Reproduce the listing that follows character for character, excluding its pictures.
=== Begin Enclosure ===
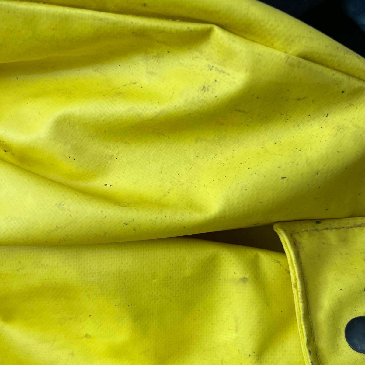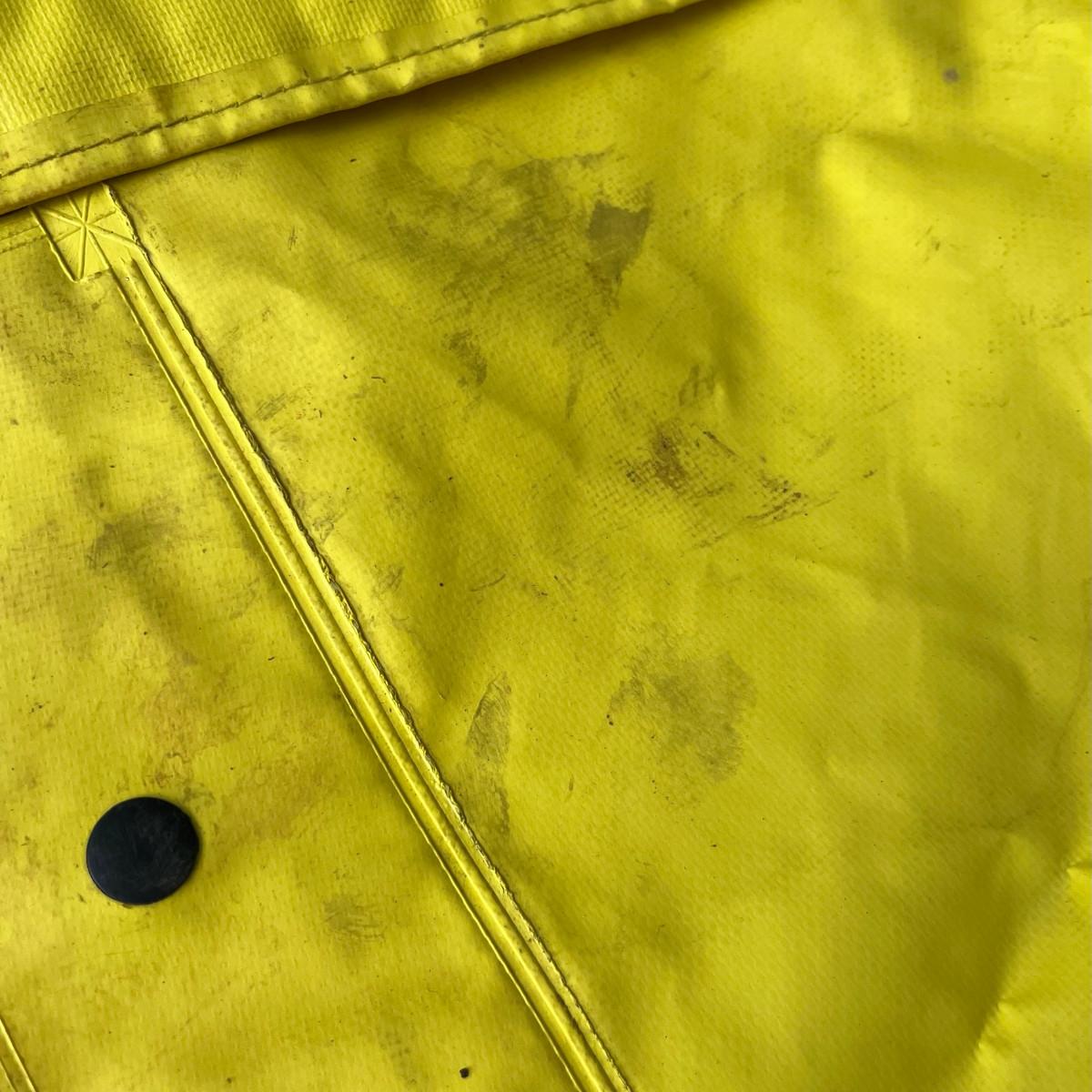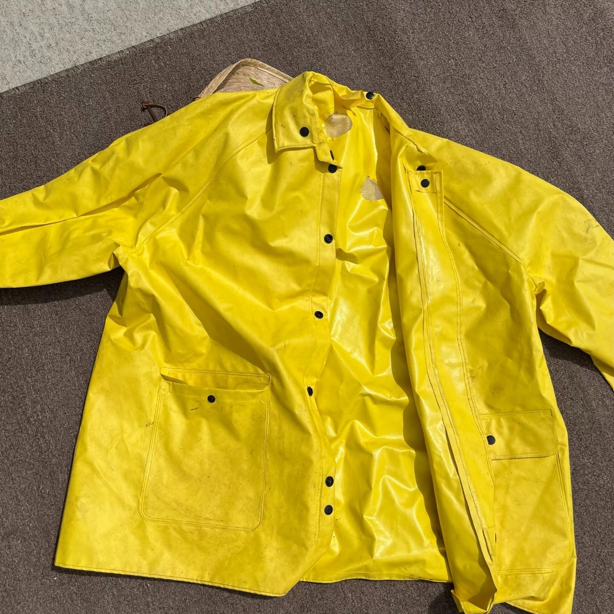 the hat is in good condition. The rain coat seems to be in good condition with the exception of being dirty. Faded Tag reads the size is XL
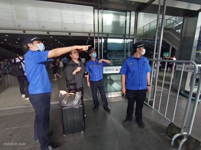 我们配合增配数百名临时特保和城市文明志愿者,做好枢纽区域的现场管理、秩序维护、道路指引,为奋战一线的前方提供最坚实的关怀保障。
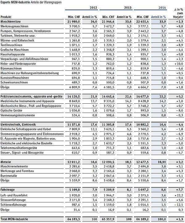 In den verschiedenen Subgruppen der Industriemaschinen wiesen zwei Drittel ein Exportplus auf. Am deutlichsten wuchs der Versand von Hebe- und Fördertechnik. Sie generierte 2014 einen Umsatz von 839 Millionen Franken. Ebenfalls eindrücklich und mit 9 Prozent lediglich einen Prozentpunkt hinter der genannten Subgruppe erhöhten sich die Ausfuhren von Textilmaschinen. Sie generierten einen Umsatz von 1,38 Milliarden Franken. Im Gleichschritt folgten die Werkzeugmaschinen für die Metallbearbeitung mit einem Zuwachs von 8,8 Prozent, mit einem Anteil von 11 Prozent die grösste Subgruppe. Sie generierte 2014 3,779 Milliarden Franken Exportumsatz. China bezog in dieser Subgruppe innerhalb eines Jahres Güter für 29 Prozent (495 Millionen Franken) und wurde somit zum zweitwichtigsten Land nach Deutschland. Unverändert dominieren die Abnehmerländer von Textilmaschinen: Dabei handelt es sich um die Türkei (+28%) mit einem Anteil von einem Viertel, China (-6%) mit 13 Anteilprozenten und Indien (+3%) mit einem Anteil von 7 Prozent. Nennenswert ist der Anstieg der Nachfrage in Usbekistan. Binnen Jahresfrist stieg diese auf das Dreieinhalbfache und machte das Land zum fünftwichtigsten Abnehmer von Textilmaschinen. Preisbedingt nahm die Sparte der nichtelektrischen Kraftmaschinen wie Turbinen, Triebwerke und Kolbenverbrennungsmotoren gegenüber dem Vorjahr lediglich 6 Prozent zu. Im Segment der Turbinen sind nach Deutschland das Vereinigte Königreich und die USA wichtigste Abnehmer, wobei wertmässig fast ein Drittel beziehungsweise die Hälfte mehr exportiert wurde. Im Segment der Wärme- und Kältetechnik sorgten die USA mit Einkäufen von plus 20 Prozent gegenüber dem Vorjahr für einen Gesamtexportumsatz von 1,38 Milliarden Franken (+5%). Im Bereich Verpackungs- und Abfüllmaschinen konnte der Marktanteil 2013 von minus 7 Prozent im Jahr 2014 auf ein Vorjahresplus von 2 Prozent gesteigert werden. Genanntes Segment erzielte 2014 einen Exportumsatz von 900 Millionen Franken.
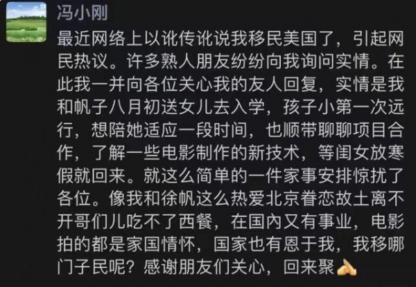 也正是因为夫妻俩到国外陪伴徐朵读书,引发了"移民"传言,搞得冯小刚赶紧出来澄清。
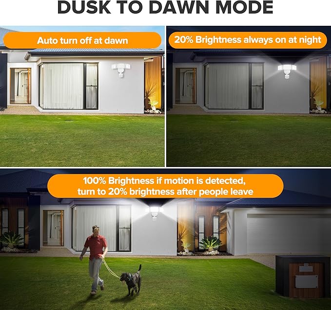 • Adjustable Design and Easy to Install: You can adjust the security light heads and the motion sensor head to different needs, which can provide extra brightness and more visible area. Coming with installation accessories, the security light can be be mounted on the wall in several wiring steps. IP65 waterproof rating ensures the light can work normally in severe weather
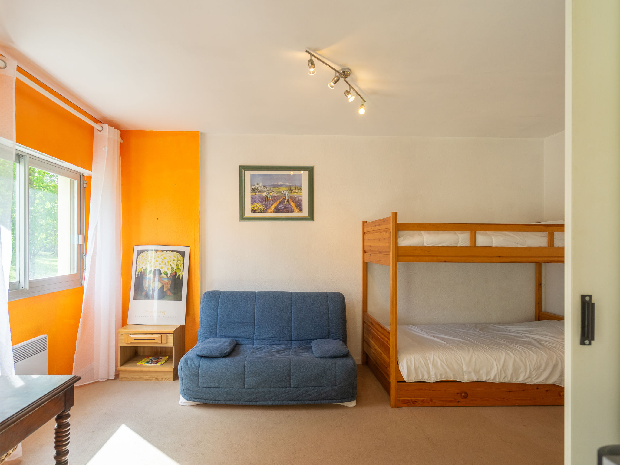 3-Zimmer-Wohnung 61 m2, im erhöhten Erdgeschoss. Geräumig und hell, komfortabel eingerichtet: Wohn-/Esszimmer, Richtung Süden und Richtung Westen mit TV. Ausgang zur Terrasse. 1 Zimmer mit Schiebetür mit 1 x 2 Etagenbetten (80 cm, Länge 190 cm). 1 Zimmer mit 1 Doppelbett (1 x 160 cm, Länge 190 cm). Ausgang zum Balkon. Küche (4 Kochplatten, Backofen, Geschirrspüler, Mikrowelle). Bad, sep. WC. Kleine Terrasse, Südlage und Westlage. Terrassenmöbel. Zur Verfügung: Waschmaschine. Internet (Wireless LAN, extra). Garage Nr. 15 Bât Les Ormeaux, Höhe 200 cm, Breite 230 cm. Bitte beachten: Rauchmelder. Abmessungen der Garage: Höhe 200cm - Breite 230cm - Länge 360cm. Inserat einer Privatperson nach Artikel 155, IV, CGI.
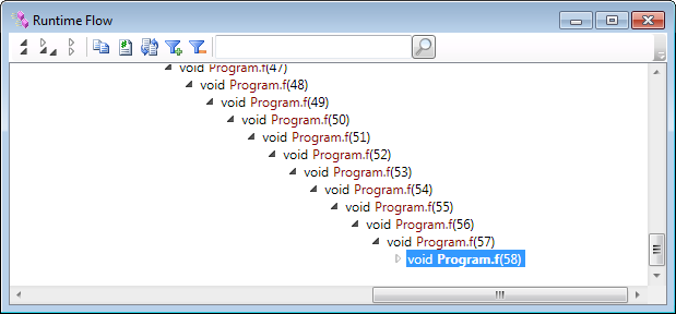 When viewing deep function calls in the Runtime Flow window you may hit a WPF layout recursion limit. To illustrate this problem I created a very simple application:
=== End Enclosure ===
§ **Output for this exercise**:
 the hat is in good condition. The rain coat seems to be in good condition with the exception of being dirty. Faded Tag reads the size is XL
 我们配合增配数百名临时特保和城市文明志愿者,做好枢纽区域的现场管理、秩序维护、道路指引,为奋战一线的前方提供最坚实的关怀保障。
 In den verschiedenen Subgruppen der Industriemaschinen wiesen zwei Drittel ein Exportplus auf. Am deutlichsten wuchs der Versand von Hebe- und Fördertechnik. Sie generierte 2014 einen Umsatz von 839 Millionen Franken. Ebenfalls eindrücklich und mit 9 Prozent lediglich einen Prozentpunkt hinter der genannten Subgruppe erhöhten sich die Ausfuhren von Textilmaschinen. Sie generierten einen Umsatz von 1,38 Milliarden Franken. Im Gleichschritt folgten die Werkzeugmaschinen für die Metallbearbeitung mit einem Zuwachs von 8,8 Prozent, mit einem Anteil von 11 Prozent die grösste Subgruppe. Sie generierte 2014 3,779 Milliarden Franken Exportumsatz. China bezog in dieser Subgruppe innerhalb eines Jahres Güter für 29 Prozent (495 Millionen Franken) und wurde somit zum zweitwichtigsten Land nach Deutschland. Unverändert dominieren die Abnehmerländer von Textilmaschinen: Dabei handelt es sich um die Türkei (+28%) mit einem Anteil von einem Viertel, China (-6%) mit 13 Anteilprozenten und Indien (+3%) mit einem Anteil von 7 Prozent. Nennenswert ist der Anstieg der Nachfrage in Usbekistan. Binnen Jahresfrist stieg diese auf das Dreieinhalbfache und machte das Land zum fünftwichtigsten Abnehmer von Textilmaschinen. Preisbedingt nahm die Sparte der nichtelektrischen Kraftmaschinen wie Turbinen, Triebwerke und Kolbenverbrennungsmotoren gegenüber dem Vorjahr lediglich 6 Prozent zu. Im Segment der Turbinen sind nach Deutschland das Vereinigte Königreich und die USA wichtigste Abnehmer, wobei wertmässig fast ein Drittel beziehungsweise die Hälfte mehr exportiert wurde. Im Segment der Wärme- und Kältetechnik sorgten die USA mit Einkäufen von plus 20 Prozent gegenüber dem Vorjahr für einen Gesamtexportumsatz von 1,38 Milliarden Franken (+5%). Im Bereich Verpackungs- und Abfüllmaschinen konnte der Marktanteil 2013 von minus 7 Prozent im Jahr 2014 auf ein Vorjahresplus von 2 Prozent gesteigert werden. Genanntes Segment erzielte 2014 einen Exportumsatz von 900 Millionen Franken.
 也正是因为夫妻俩到国外陪伴徐朵读书,引发了"移民"传言,搞得冯小刚赶紧出来澄清。
 • Adjustable Design and Easy to Install: You can adjust the security light heads and the motion sensor head to different needs, which can provide extra brightness and more visible area. Coming with installation accessories, the security light can be be mounted on the wall in several wiring steps. IP65 waterproof rating ensures the light can work normally in severe weather
 3-Zimmer-Wohnung 61 m2, im erhöhten Erdgeschoss. Geräumig und hell, komfortabel eingerichtet: Wohn-/Esszimmer, Richtung Süden und Richtung Westen mit TV. Ausgang zur Terrasse. 1 Zimmer mit Schiebetür mit 1 x 2 Etagenbetten (80 cm, Länge 190 cm). 1 Zimmer mit 1 Doppelbett (1 x 160 cm, Länge 190 cm). Ausgang zum Balkon. Küche (4 Kochplatten, Backofen, Geschirrspüler, Mikrowelle). Bad, sep. WC. Kleine Terrasse, Südlage und Westlage. Terrassenmöbel. Zur Verfügung: Waschmaschine. Internet (Wireless LAN, extra). Garage Nr. 15 Bât Les Ormeaux, Höhe 200 cm, Breite 230 cm. Bitte beachten: Rauchmelder. Abmessungen der Garage: Höhe 200cm - Breite 230cm - Länge 360cm. Inserat einer Privatperson nach Artikel 155, IV, CGI.
 When viewing deep function calls in the Runtime Flow window you may hit a WPF layout recursion limit. To illustrate this problem I created a very simple application:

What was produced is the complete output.